What’s wrong with your core values?

How do you decide when your content is authentic?

As an individual, the answer is usually pretty easy. Do you live your words?

When you’re writing for your business, organization or — even more tricky — for a client, it all comes back to your core values.

Core values should guide everything your organization does.  From staffing to operations, marketing to sales.

You’ve got to put some time into your core values. Think long and hard about what makes you tick, what you will uphold no matter what. What can you stand behind as a pillar of behavior and growth and material?

Most of the clients we work with have core values, but if I’m being honest, they’re usually not entirely useful and here’s why.

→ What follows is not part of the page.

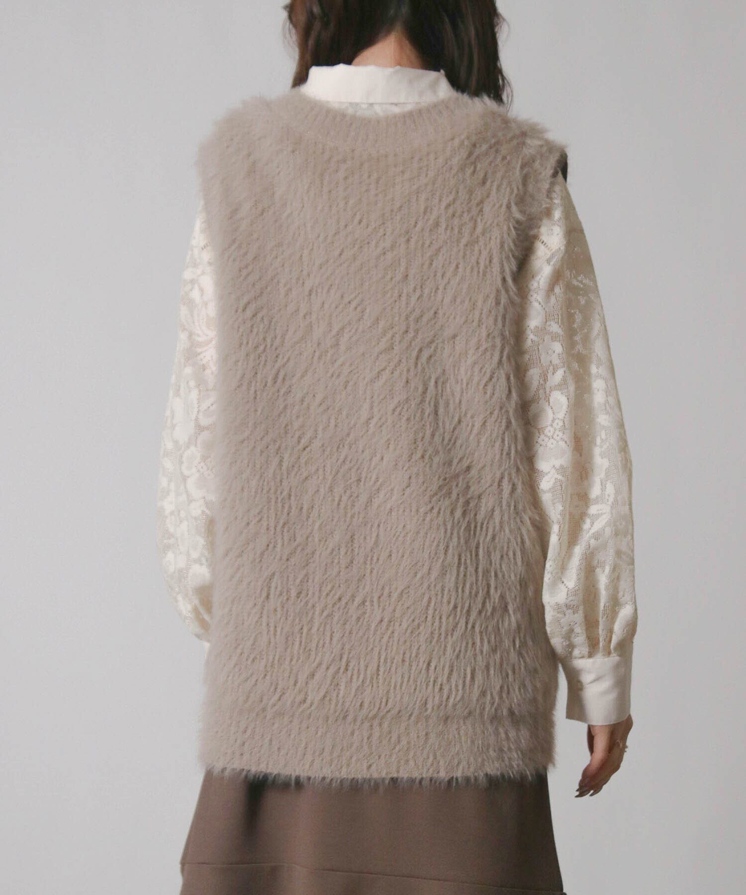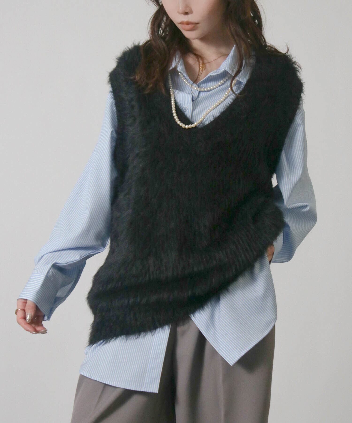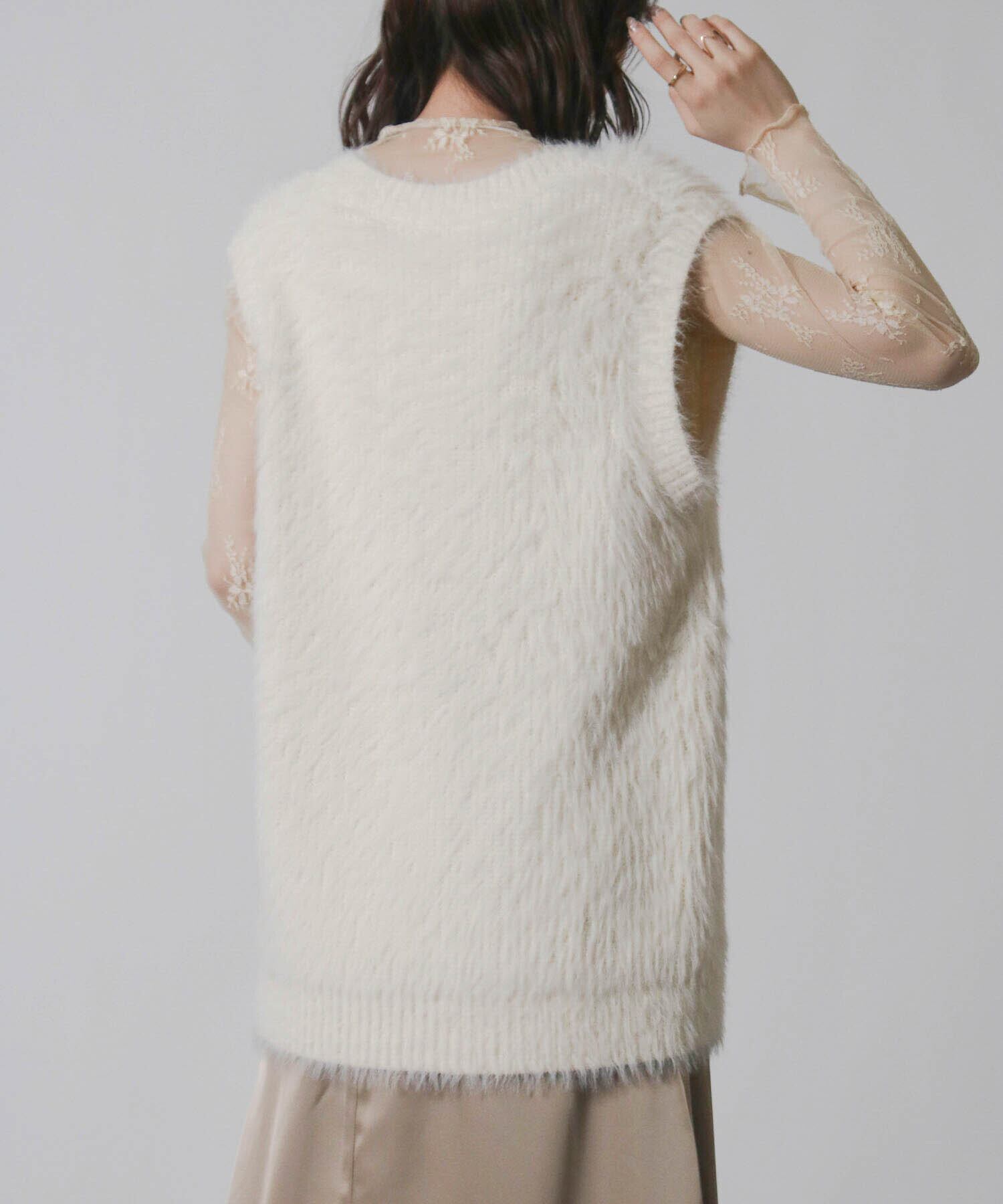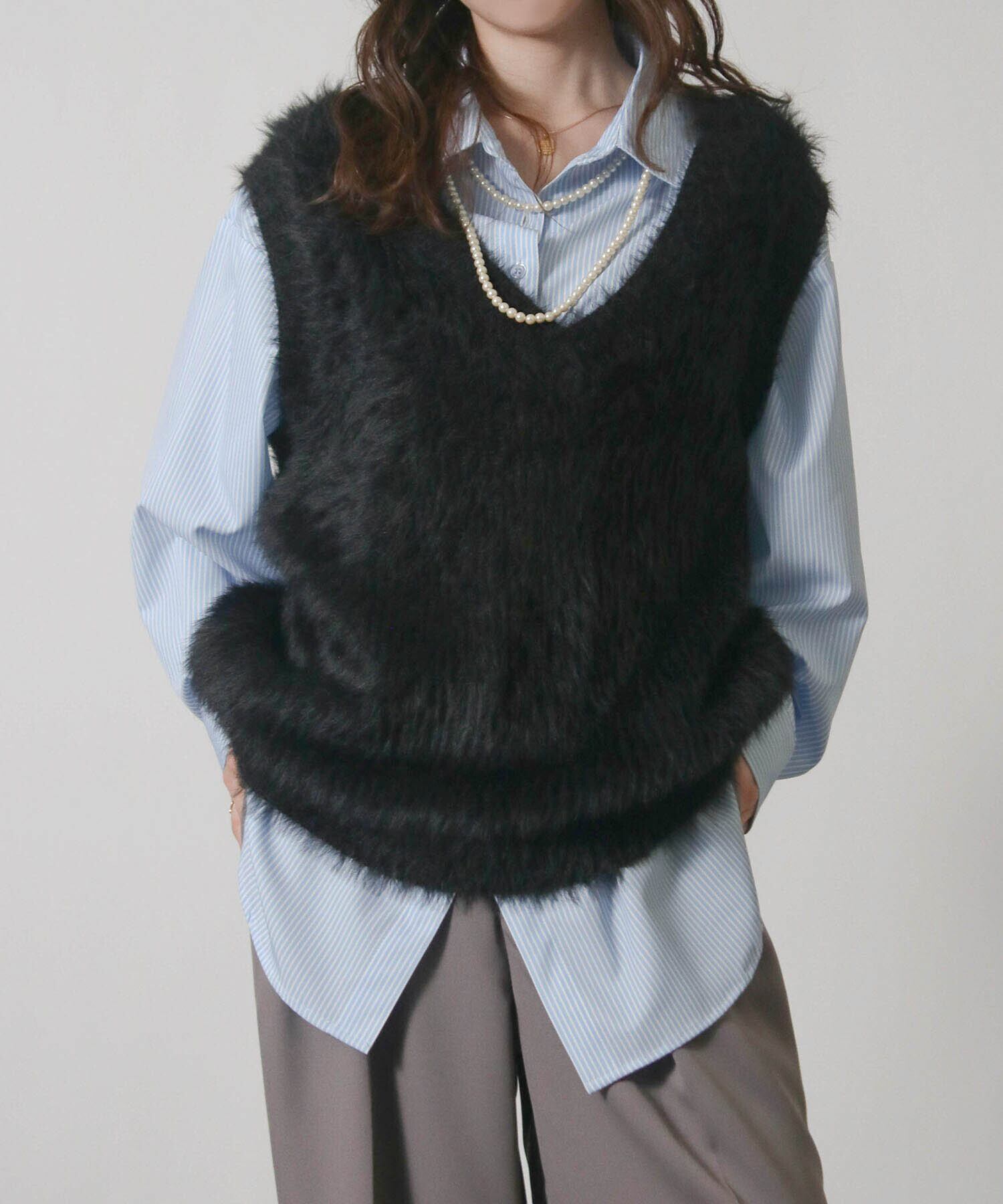 ・毛足の長い素材がトレンド感を演出するニットベスト。

  1.  They’re too vague.   This is the #1 issue.  A high-level core value like “Clients first.” is great, but it needs further articulation.  How does that translate to making decisions in your company? In hiring new employees or building new processes?  A core value like “Clients first” needs to trickle down to even the most seemingly unrelated internal operations — and it can.
  2. They’re fluff.  A company that truly lives even vague core values is better than the company that publishes them then doesn’t use them at all (I’m looking at you, Uber).  Great core values should inform your culture, drive your processes, and be the balance against which everything thing you do is checked.
  3. No one knows they exist.  A lot of our clients publish their core values on their website as a way to share them with the world. But internally? No one knows they exist and they certainly don’t align their internal processes or decision making to them. Find ways to build values and alignment into everything you’re doing — how you run meetings, how you hire, how you reward — and you team will absorb them quickly, and be able to use them in their own decision-making on your behalf.

Once you establish strong core values that you truly live every day, authenticity and connection will follow.